> [EXERCISE DESCRIPTION]:
Look below for the line with "Nur knapp ein" and the line with "Welcome to Hexeract, a"; repeat exactly those two lines and all lines between them, but no pictures.

> [INFORMATION SUPPLIED]:
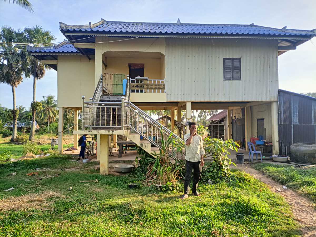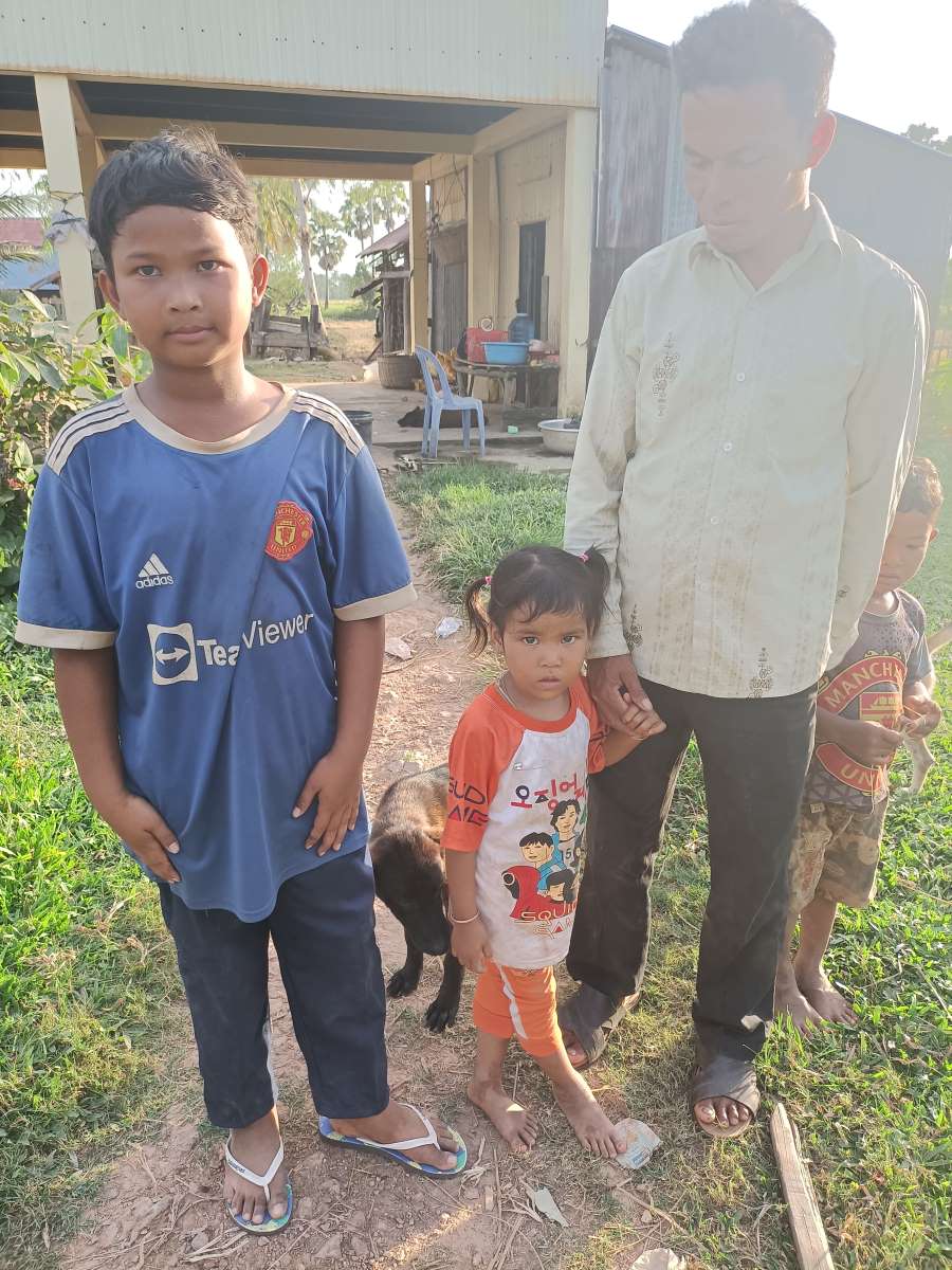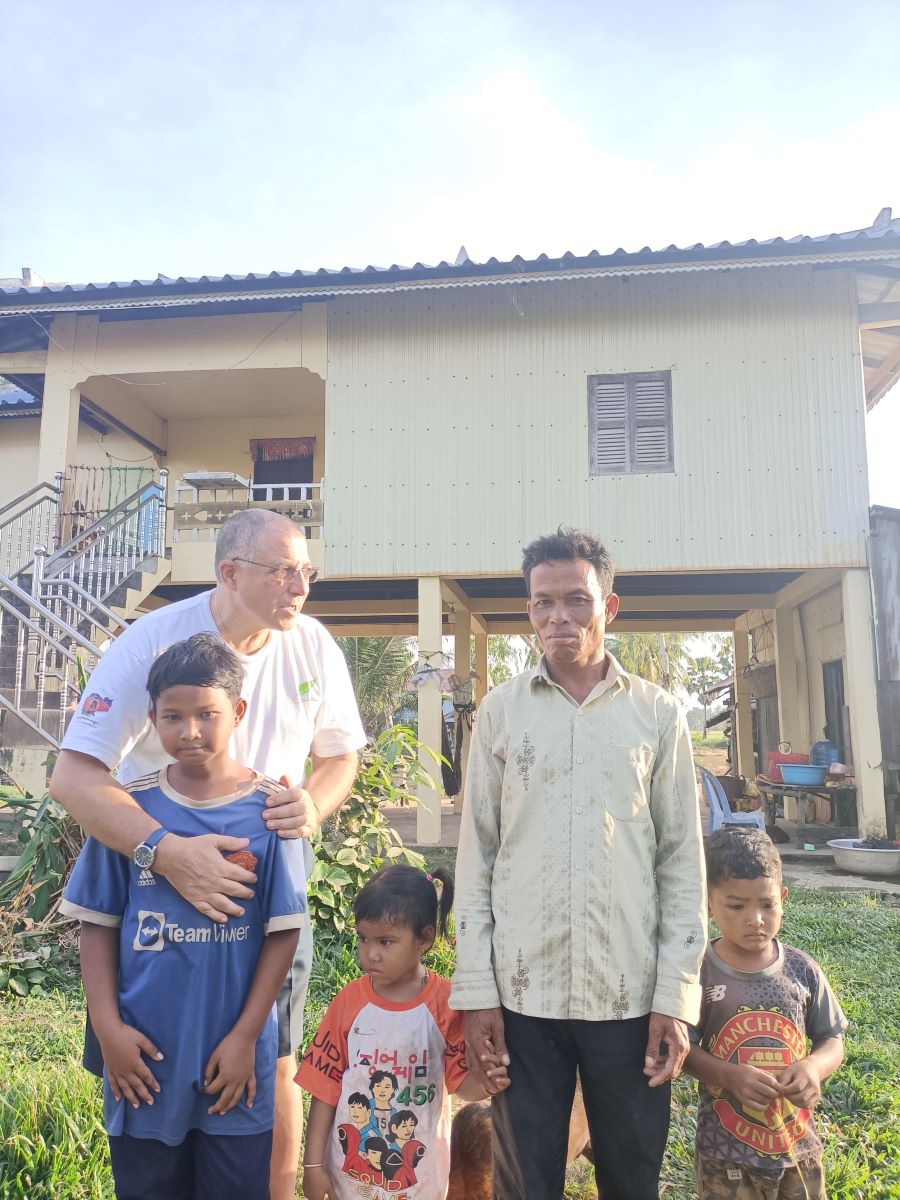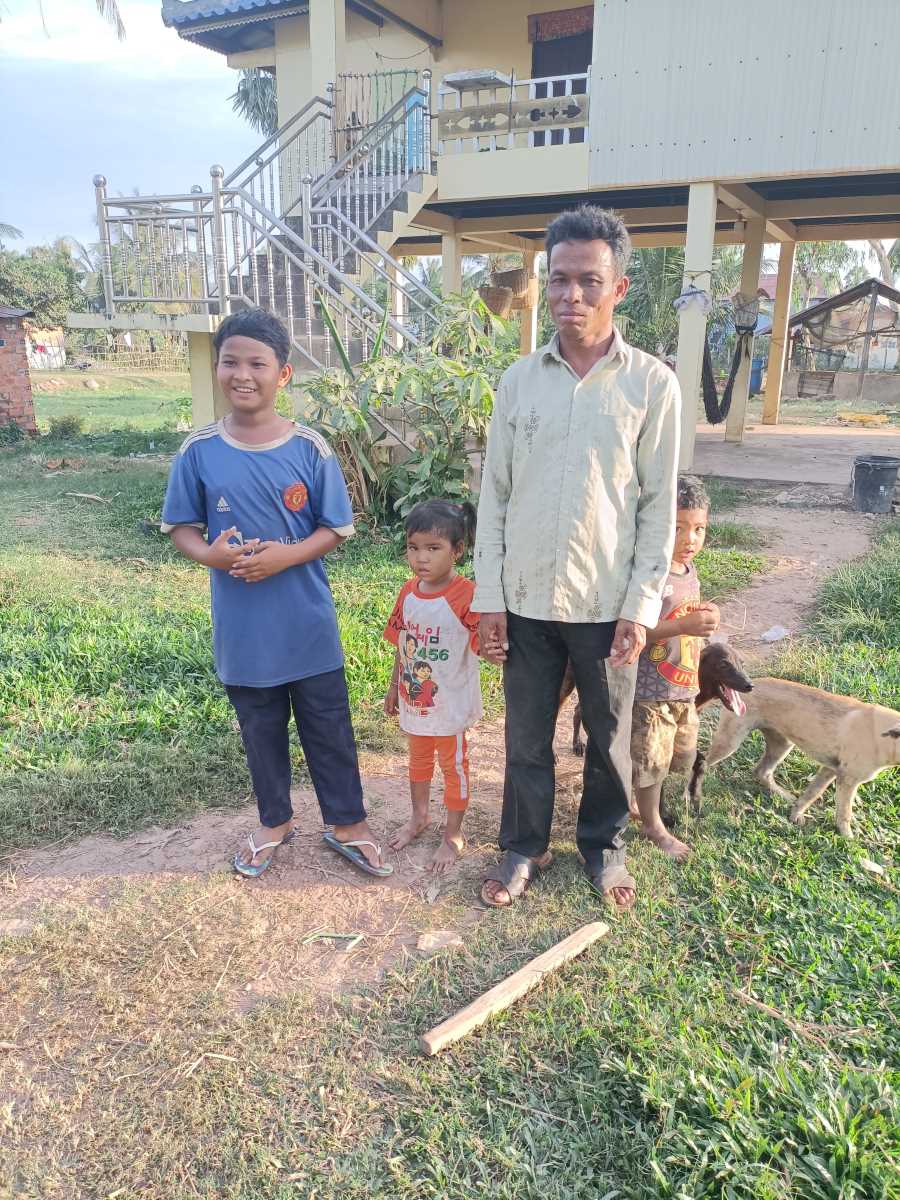 Andiamo dall’altra parte del villaggio, oltre la strada Kep-Kampot. La prima casa che visitiamo me la ricordo da una visita di qualche anno fa. La visita la facciamo a Phum Sokneng, ma prima di lui aveva partecipato al nostro programma di sostegno a distanza il fratello maggiore Phum Sockeng. Sokneng, inserito adesso nel sostegno a distanza, ha 11 anni e frequenta quest’anno la quinta primaria. Suo fratello Sockeng adesso ha 18 anni e lavora come pescatore, lavoro molto pesante. In famiglia c’è anche una sorellina di 3 anni. C’è il papà con Sokneng. La mamma è al vicino mercatino che si affaccia sulla statale Kep-Kampot a vendere pesce.
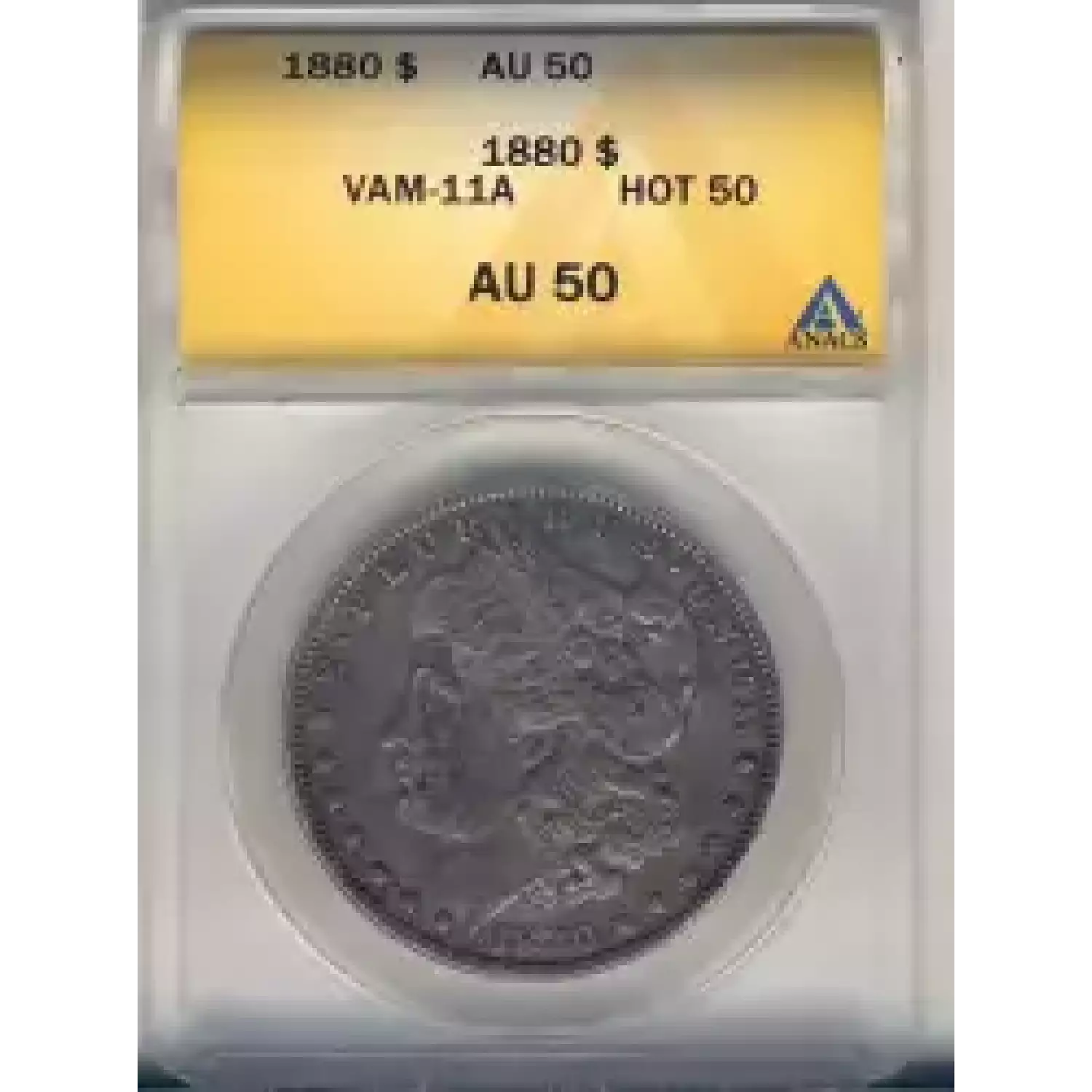 504924 | 1880-AU-50 Morgan Silver Dollar ANACS AU-50 | ANACS | AU-50 | Sold: 19/12/2011 | $33 |
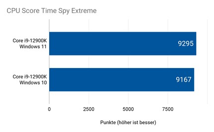 Nur knapp ein halbes Prozent schneller ist der 12900K in Windows 11 gegenüber Windows 10 über alle Benchmarks hinweg. Ein verschwindend geringer Unterschied. In Games solltest du also nichts merken? Doch, denn synthetische Benchmarks sagen nicht die ganze Wahrheit. Ihre Ergebnisse können sogar irreführend sein.
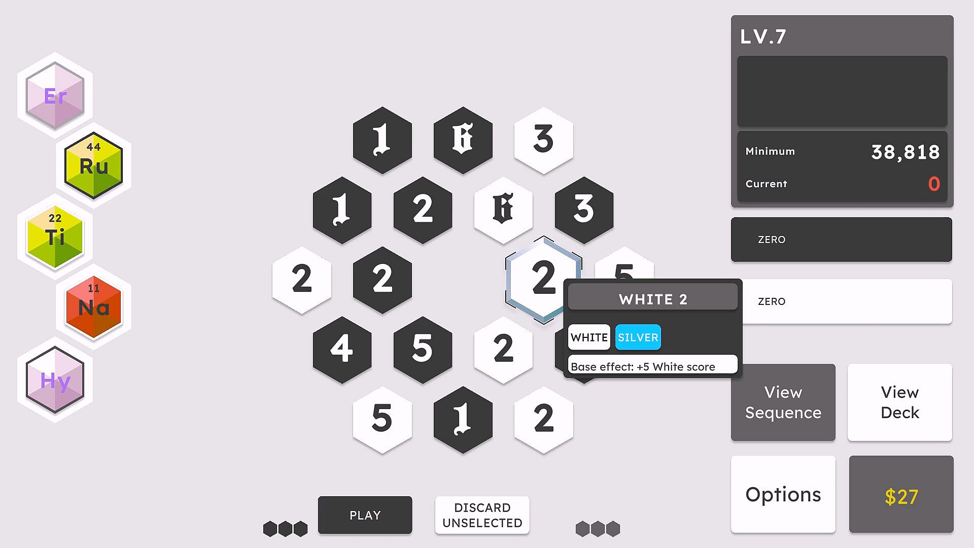 Welcome to Hexeract, a unique roguelike deck-building game on hexagonal tiles. Enhance number tiles, collect special elements, and select the sequence. Explore how you can maximize the synergy in outrageous level.
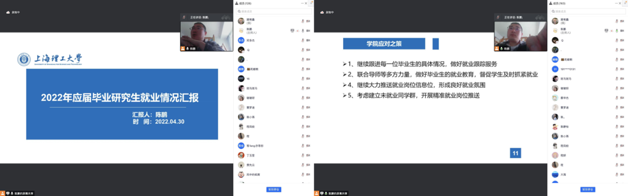 陈鹏老师首先通过ppt,对目前各专业的就业形势进行通报与分析。由于突如其来的疫情冲击以及封控管理的影响,对毕业研究生的就业进展造成的较大拖累,一个月以来,就业进展明显放慢,疫情前后的就业状况形成较大反差。对各个专业的未就业情况做了详尽的分类和分析,总结了未就业同学的主要原因,对这些同学下一步的就业计划提出了相关建议,并通报了学院有关的促进就业政策。
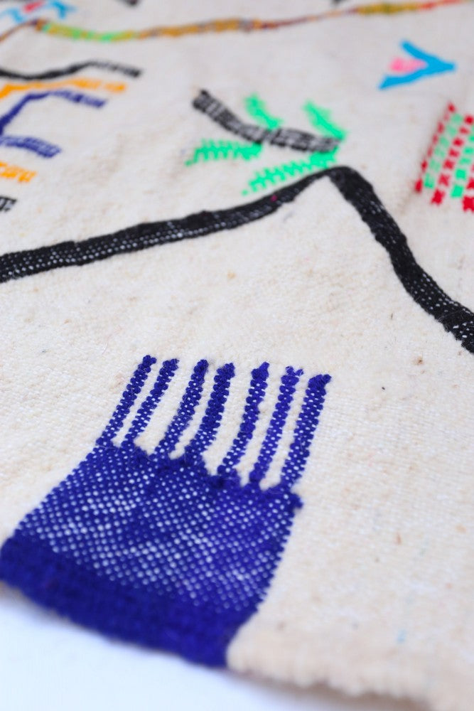 Woven by hand in the High Atlas Mountains, this flat-weave kilim rug is crafted from 100% natural sheep’s wool and dyed using time-honored artisan techniques. Its lively patterns and bold color accents bring a sense of warmth, heritage, and individuality to any space—just like the women who create it.
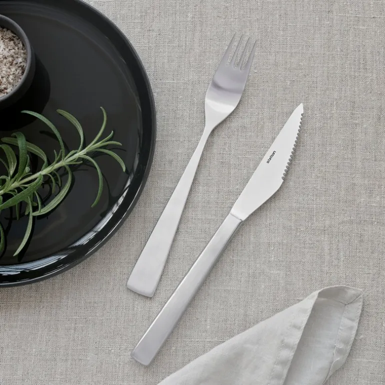 design. Maya 2000 har samme uttrykk som den klassiske ?Maya?, men når man ser på detaljene blir forskjellen tydelig: Maya 2000 er lengre og slankere enn sin forgjenger, slik at den triangulære basisformen som begge mønstrene er basert på, virker mer strømlinjeformet og passer til den moderne bordsetting. Grillknivene er skarpe og kommer 4 stk i en gaveeeske
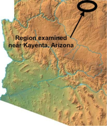 Blue dots and lines denote fulgurites and dykes in Comb Ridge monocline, Arizona

> [FINISHED TASK]:
 Nur knapp ein halbes Prozent schneller ist der 12900K in Windows 11 gegenüber Windows 10 über alle Benchmarks hinweg. Ein verschwindend geringer Unterschied. In Games solltest du also nichts merken? Doch, denn synthetische Benchmarks sagen nicht die ganze Wahrheit. Ihre Ergebnisse können sogar irreführend sein.
 Welcome to Hexeract, a unique roguelike deck-building game on hexagonal tiles. Enhance number tiles, collect special elements, and select the sequence. Explore how you can maximize the synergy in outrageous level.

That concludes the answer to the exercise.